Использование кукольных двойников Леоноры и Флорестана можно было бы объяснить и оправдать, если бы остальные режиссёрские решения как-то подводили действие к этим избыточным дубляжам. Например, было бы понятно, если бы кукла, изображающая переодетую мужчиной Леонору, выглядела бы как мужчина, но кукла полностью копирует внешний облик Леоноры, включая очевидно женские формы и причёску с пшеничного цвета хвостом. Появляющаяся же в конце спектакля «родина-мать» в виде гигантского истукана на фоне невнятной постановочной концепции выглядит скорее трюковым аккордом, не претендующим на что-то большее.
Без сомнений, особой похвалы заслуживает оркестр Венской оперы под управлением Франца Вельзера-Мёста — признанного мастера интерпретации этого сложного материала. Вставная увертюра «Леонора № 3» по силе воздействия создаёт гипнотизирующий эффект, основной же корпус деструктивно-шероховатой партитуры звучит приглаженно, комфортно и непривычно гармонично.
В критически сложной, хоть и небольшой партии Флорестана выступил Дэвид Батт-Филлип. Исполнение отличалось старательностью, но не безупречностью вокальной линии. Не менее сложной оказалась партия Леоноры для Малин Быстрём. Всё было в рамках и в нотах, но зажатое звукоизвлечение и отсутствие нюансов не позволяют отнести эту работу к удачным прочтениям.

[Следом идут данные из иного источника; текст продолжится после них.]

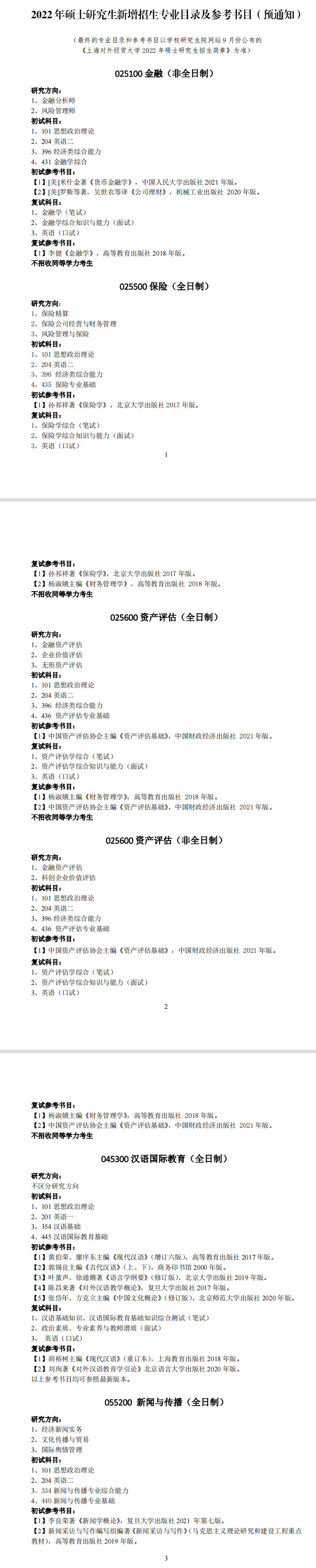为便于各位考生提前做好复习准备,现将新增招生专业的专业目录和参考书目公布如下。最终的专业目录和参考书目以学校研究生院网站9月份公布的《上海对外经贸大学2022年硕士研究生招生简章》为准。

Уверенно и убедительно прозвучал в партии Рокко Тарек Назми. Великолепна была Катрин Жуковски в партии Марселины. Кристофер Мальтман был прекрасен в партии Пизарро. Симон Страздос в партии Дона Фернандо оставил много вопросов к границам допустимого на сцене Венской оперы под управлением Богдана Рошчича.
В итоге в юбилейном обращении Венской оперы к «Фиделио» Бетховена вопрос о декларативной природе этого шедевра не только не решается, но и не ставится. Вместо попытки визуализировать процесс разрушения Бетховеном жанровых канонов создатели спектакля показывают элегантную картинку с набором не всегда уместных штампов и трюков. Если вы любите Бетховена как симфониста, вы многое простите этой постановке. Если вы хотите разобраться в этой самой неудобоваримой оперной партитуре XIX века, то тратить время на спектакль Н. Хабьяна вам точно не стоит.